The Tao Te Ching, Chapter Two
Balance II
The original has sold but let me know if you’d like a print.
(rod@herondance.org)
The sun rises out of darkness, and thus is beautiful
Mountains rise out of valleys, and thus are high
Without the lows of the ocean, rivers would stagnate
Without winter, no spring
Without yin no yang
Without opposites, no harmony.
And so the Master, cultivating the practice of harmony
Accepts good and evil as necessary to each other.
- Heron Dance translation of Chapter Two.
Red Pine’s (Bill Porter) translation of the second chapter is just below. His insights into Taoism and Zen Buddhism are particularly respected by many, including me. He can speak Chinese and has written a book on Tao mountain hermits that has sold millions of copies in China (Road to Heaven: Encounters with Chinese Hermits). There are excellent videos on YouTube of his interviews of Tao hermits in China, including here.
All the world knows beauty but if that becomes beautiful this becomes ugly
all the word knows good but if that becomes good this becomes bad
the coexistence of have and have not the coproduction of hard and easy the
correlation of long and short
the codependence of high and low the correspondence of note and noise the
coordination of first and last is endless
thus the sage performs effortless deeds and teaches wordless lessons
he doesn't start all things he begins he doesn't presume on what he does he doesn't
claim what he achieves
and because he makes no claim he suffers no loss.
A Note To Subscribers Regarding Zen Mountain Journal and my new Substack, Surviving Cancer
(www.emergingcures.org)
I love creating Heron Dance and plan to continue Zen Mountain Journal for a long time. The posts will likely become fewer though. I’ve launched a new coaching business focused on helping those navigating their way through a dire medical diagnosis, and gotten my first client. Mostly I will help clients stay on top of the emerging medical science related to their condition.
AI and Why I Launched This New Business
Our lives are on the cusp of huge change. The future of humanity will be determined by artificial intelligence. For good or ill. There is no doubt it could destroy us as a species. If we survive, it will dramatically change our lives and mostly for the better. If you doubt this, I would invite you to watch this interview of former Google CEO Eric Schmidt, a major investor in AI biotech.
I have coded artificial intelligence programs in Python, but can now access easily available programs to code for me and complete in a few minutes programs that would have taken me months to develop a couple of years ago. Ok, well it is a little more complex than that — the initial code generally needs a couple of revisions, sometimes several, but the point is that in a less than an hour, AI software will code programs that used to take months.
A year from now, medical science, now evolving at an astounding rate, will experience an exponential acceleration. I am acting as a bridge into this new world for people who don’t know how to access it and who face a life-threatening medical condition.
In addition to knowing how to use AI to research evolving medical science, I have developed substantial interview skills. Thirty-five years ago I had an independent research firm on Wall Street that did pre-offer due diligence for corporate acquirers, mostly to find hidden information that could lead to major financial losses after a transaction. In the course of that work, I built interview and digging skills. Those skills later helped me survive two cancer diagnosis including a terminal diagnosis thirty-five years ago. There’s more on my background here.

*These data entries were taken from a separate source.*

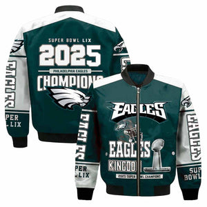 Celebrate the Philadelphia Eagles' Super Bowl LIX victory in style with this championship jacket. The front boasts the team name, iconic logo, and Super Bowl trophy, while the back proudly displays "2025 EAGLES CHAMPIONS." Show your team unity and pride with the "EAGLES KINGDOM" phrase. Expertly crafted for devoted fans like you.
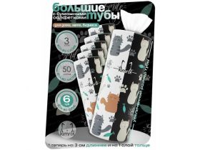 Салфетки бумажные в тубе DOUBLE CAT, 3 слоя, 50 шт х 6 туб 4427147275
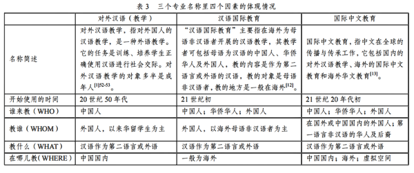 纵观国际中文教育学科的发展、成长历程,其学科内涵经历了两次大的拓展和升级。第二语言教学或外语教学一般涉及教者、学习者、教学内容、教学环境等要素,即“谁来教”“教谁”“教什么”和“在哪教”[12],我们可以从以上四个因素来分析一下“对外汉语教学”“汉语国际教育”“国际中文教育”三个学科名称的异同(参见表3)。
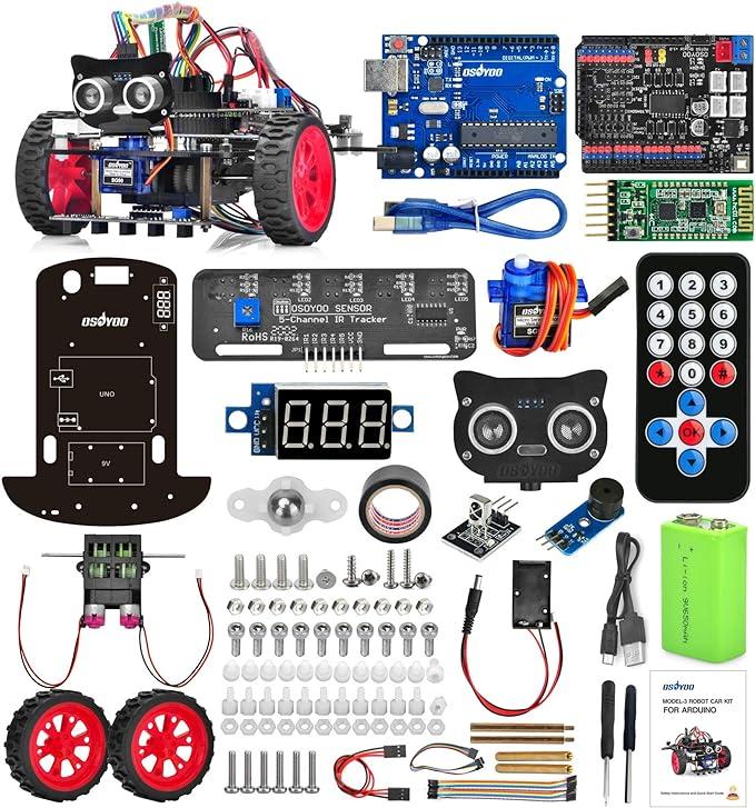 ■商品名OSOYOO Arduino用 モデル 3 V2.0 アルドゥイーノ DIYロボットカー キット UNO R3基板 モーターシールド ライントラッキング 超音波センサー Bluetooth IRリモートコントロール? バッテリー 充電器 日本語説明書

This research can make a difference in the lives of people facing a life-threatening diagnosis. Sometimes it will make a huge difference in their lives as it has in mine.

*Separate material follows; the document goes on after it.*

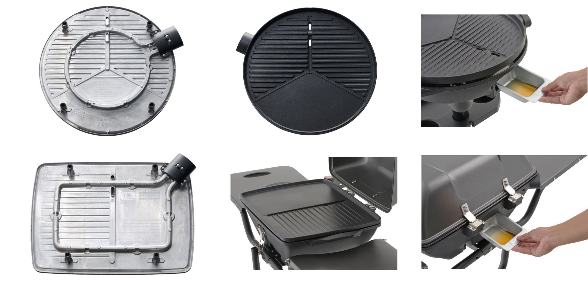 プレートに熱源が内蔵された熱源内蔵式調理プレートを採用しているため、短時間で温まるうえ、熱がダイレクトに伝わり、高火力で美味しく焼き上げられる。ダイヤル式コネクターで簡単に温度調節ができ、サーモスタット内蔵のため自動で温度を一定範囲内に保つことが可能。

The unfortunate truth is that Heron Dance is not financially viable and hasn’t been for years. Many days I work 12 hours, many weeks seven days a week. Over eight thousand people subscribe to Zen Mountain Journal and maybe four hundred support it financially. Many more of those supporters are in their nineties than forties.
The Tao tells us to go with the flow. With Heron Dance I’m going against the flow. Some of the problem has been the number of different content experiments and directions I’ve gone in. A friend and long time reader tells me he liked it better a couple of years ago. I think a number of long-time readers feel the same way. There are two problems with that. One, it wasn’t viable two years ago either and I felt compelled to experiment. Another is that I’m a creative person and I can’t do the same work, the same art, the same writing year after year. I need to evolve, to experiment.

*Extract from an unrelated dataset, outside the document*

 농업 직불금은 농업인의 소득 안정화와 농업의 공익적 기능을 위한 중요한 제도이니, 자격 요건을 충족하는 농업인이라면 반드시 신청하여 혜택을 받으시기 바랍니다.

Heron Dance loses subscribers every year to death, dementia, blindness, etc. It was the number of long time readers who have contacted me over the last six months describing their major medical challenges that led me to start Emerging Cures. I’ve been offering them suggestions based on my experience but I know I could be of much more help in many cases if I could devote time to studying emerging medical science.
And so I will launch a new Substack Saturday, Surviving Cancer. I will talk about developments in medical science, about survivor psychology and about anything else that may have a bearing on surviving life-threatening diseases.